I have coax buried in the yard to my house and then from my box on the side of the house inside my house to the RG (Residential Gateway), I saw them bury the coax as it was in my yard for a week before they came out and buried it. Its also been cut once, since the actual box is behind my neighbors yard and they have landscaping done and those guys dug and hit it, cutting it one day. So I guess I probably have fiber from the VRAD to that box in the neighbors yard then coax the rest of the way, not as bad of a pipe as telephone lines right?
You would have Telephone wire from the VRAD to the box in the neighbors yard, then telephone wire from there to your house. Coax would have been used from a iNID on the side of your house.

Newer homes have a ONT on the side, if they are FTTN. As for Coax vs telephone wiring argument, Coax has met its highest level that it can be used, so in turn, CATV providers have no further room for growth, due to the majority have expanded their systems to the highest means possible.
post #88 of 385
Quote:
Originally Posted by gregzoll View Post

You would have Telephone wire from the VRAD to the box in the neighbors yard, then telephone wire from there to your house. Coax would have been used from a iNID on the side of your house.

Newer homes have a ONT on the side, if they are FTTN. As for Coax vs telephone wiring argument, Coax has met its highest level that it can be used, so in turn, CATV providers have no further room for growth, due to the majority have expanded their systems to the highest means possible.

I have a newer house, and I know its coax from the box in the yard to my house, I saw it installed, I was hoping it was fiber to the house, so I was out there when he was setting it up. Again, more acronyms, ONT? I have something on the side...it may well be an ONT, if I knew what that was?
post #89 of 385
CATV providers run Coax from the curb to the house/structure. ATT uses Telephone wiring from the curb to the house, or as mentioned before, Fiber is ran from the curb to a ONT. ONT is short for "Optical Network Terminal".
post #90 of 385
Quote:
Originally Posted by PlanetAVS View Post

Sounds like it yes.
UVerse is a "new" fiber optic service that AT&T brought to market to deliver TV, internet, and phone service.

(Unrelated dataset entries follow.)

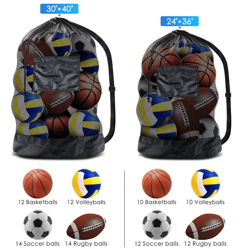 - Large capacity ball bags measured at 24 x 36 inches (60.96 x 91.44 cm), ball net for 10 football balls (size 5), 12 football, 10 rugby balls or 8 basketballs (official size)
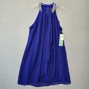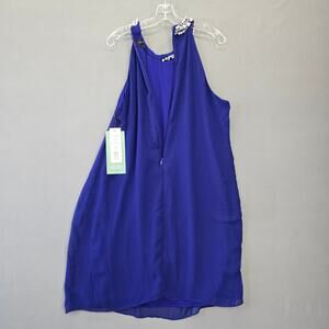 NEW Scarlett Electric Blue Midi Dress Shift Formal Beaded Halter Neckline Lined Lightweight MSRP $80 Women's Plus Size 18 Formalwear
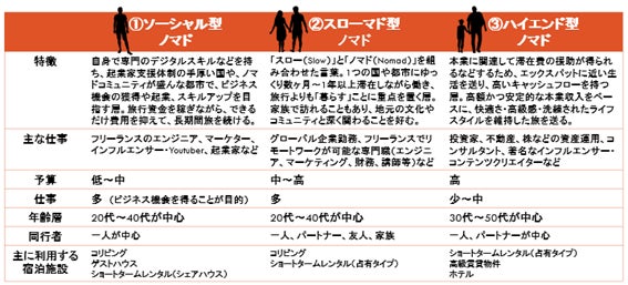 本レポートにおいて、デジタルノマドの特徴的なタイプを以下3分類に整理。一般的に①をイメージするが、潜在ニーズとしては②③のポテンシャルも高い
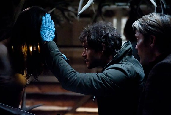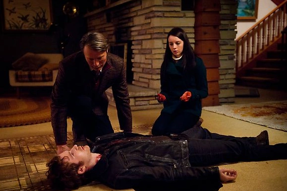 Alana is upstairs and calls down to Abigail. Hannibal spots her first, noticing a stunned Abigail walking toward the steps with blood covering her hands. As Alana comes around the corner, he goes behind her and knocks her out against the wall. He assures Abigail that Alana will be all right, then calmly asks her to show him what she's done. She does and Hannibal knows she'll never convince someone it was self defense. The narrative that will most assuredly play out if anyone finds out about Abigail's crime is that she was an accessory to all the previous murders, horrifying her. Seeing a step he could take to win Abigail’s trust, Hannibal offers to help her hide the body.
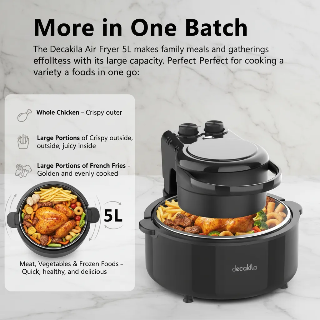 With its 5-liter capacity, the Decakila Air Fryer is perfect for families and gatherings. It can easily handle:

It has nothing to do with the old "POTS", which only delivered phone and DSL internet service. You'll need to call AT&T to confirm if UVerse is even available in your area, as an alternative to POTS.
Yeah, I realized some was fiber to node. I didn't realize some was fiber to home or coax. If AT&T is running fiber or coax to new homes, then even if the resident subscribes only to POTS, it would require an expensive gateway, which doesn't seem cost effective. I guess they only offer those homes Uverse service.
Quote:
Originally Posted by chrisjmccord View Post

I can't speak for your area, I live in OKC, so you should probably call or go to a local AT&T store and ask.
Uverse came to my town a few years ago, but not my subdivision yet. I check in a couple of times a year for updates and keep an eye out for any new VRADs. My incoming phone line definitely isn't fiber or coax. The subdivision across the street from me has Uverse using the same existing 2-wire phone lines as POTS. Only the VRAD has a new fiber feed to it.

But I'm pretty happy with cable right now. Uverse would be a step down for me in content and quality at this point. A few years ago it would have been a great option for me because my local cable company sucked, and the sat providers had less HD channels and no HD GUI on their DVRs. Now the tables have turned. Sat has surpassed Uverse on HD content and improved their DVRs, and my cable company changed to SDV, vastly improving their HD lineup and picture quality. But if the price was right, I'd certainly give Uverse a try.